STORED DATA:
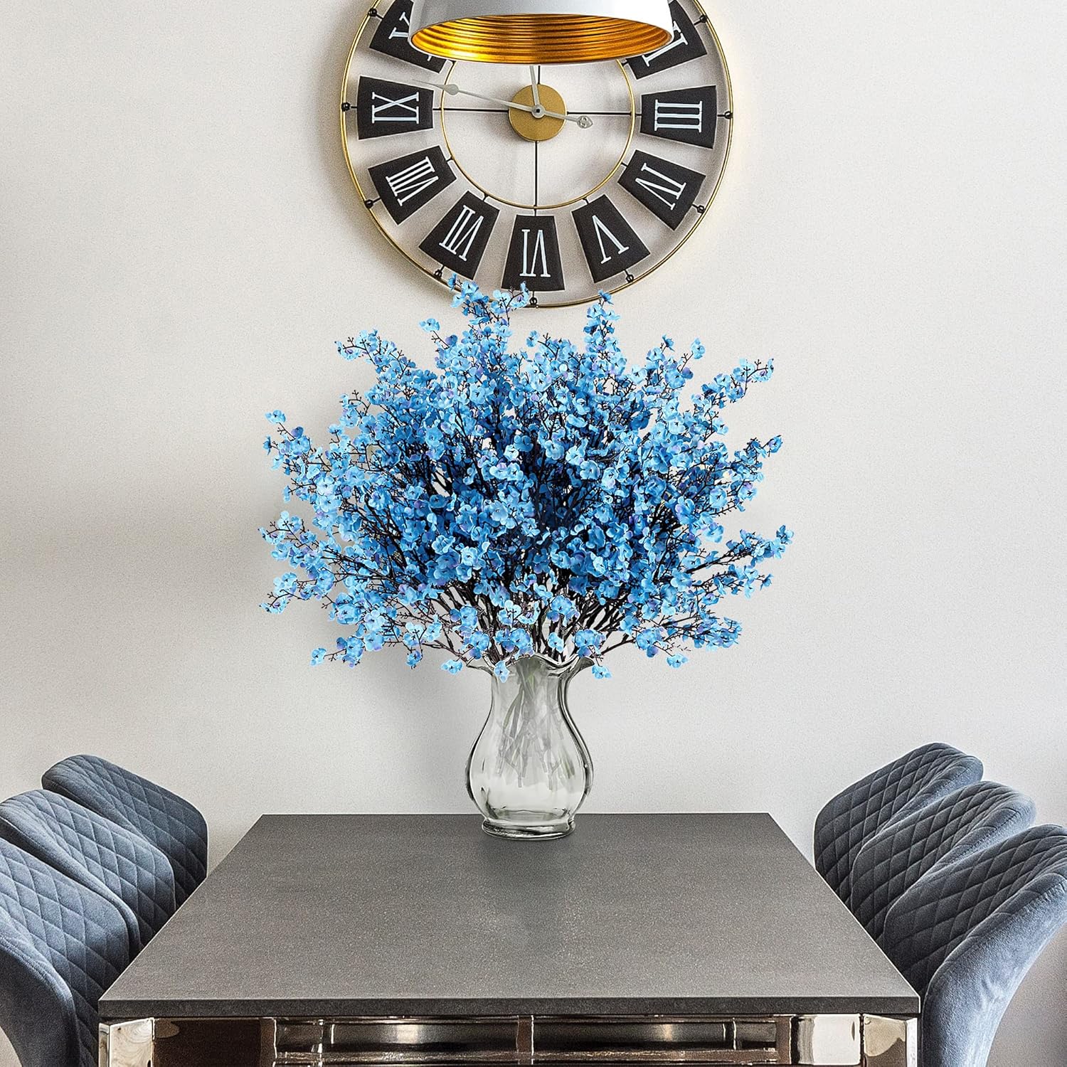 Sggvecsy 6 Pcs Babys Breath Artificial Flowers Gypsophila Bouquets Bulk Real Touch Fake Silk Flowers for Home Wedding DIY Floral Arrangement Kitchen Table Centerpiece Festival Decoration (Blue)
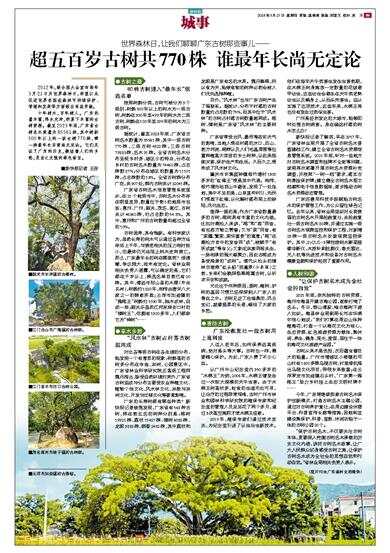 今年,广东将继续探索古树名木保护创新模式,打造古树名木主题公园,通过对古树养护复壮,在周边建设休憩平台、科普宣传长廊等措施,因地制宜建设集保护、科普、宣教、休闲功能于一体的古树公园20个。
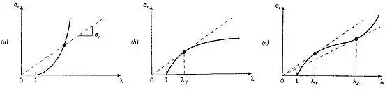 En la figura (a), aparece una curva cóncava hacia arriba. Esto indica que no hay caída de la elasticidad, por lo que el material llegará a romperse antes de experimentar estiramiento o estrechamiento. En la figura (b), aparece un punto específico definido por la recta tangente desde el origen (coincidente con la recta secante), en el que . Una vez superado este valor, la pendiente se vuelve más pequeña que la línea secante y comienza a aparecer el estrechamiento. En la figura (c), existe un punto donde el material comienza a perder rigidez, pero cuando , se produce un alargamiento elástico, pero después de este todo el material experimentará un estiramiento y finalmente se romperá. Entre y , el material en sí no se estira, sino que solo comienza a estirarse la zona del estrechamiento.
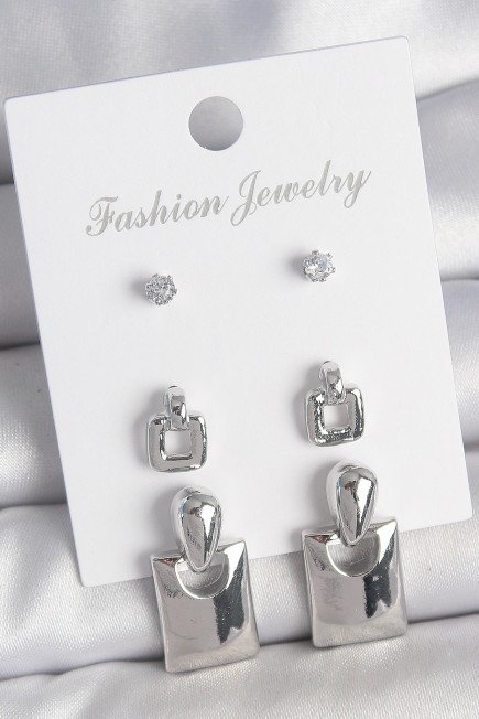 Pirinç Gümüş Renk Zirkon Taş Detay Sallantılı Kare Model 3 Çift Kadın Küpe Seti - 262622

PROBLEM TO SOLVE:
Set the lines above down again, word for word, from the first through the one containing "今年,广东将继续探索古树名木"; pictures excluded.

SOLUTION TO THIS EXERCISE:
 Sggvecsy 6 Pcs Babys Breath Artificial Flowers Gypsophila Bouquets Bulk Real Touch Fake Silk Flowers for Home Wedding DIY Floral Arrangement Kitchen Table Centerpiece Festival Decoration (Blue)
 今年,广东将继续探索古树名木保护创新模式,打造古树名木主题公园,通过对古树养护复壮,在周边建设休憩平台、科普宣传长廊等措施,因地制宜建设集保护、科普、宣教、休闲功能于一体的古树公园20个。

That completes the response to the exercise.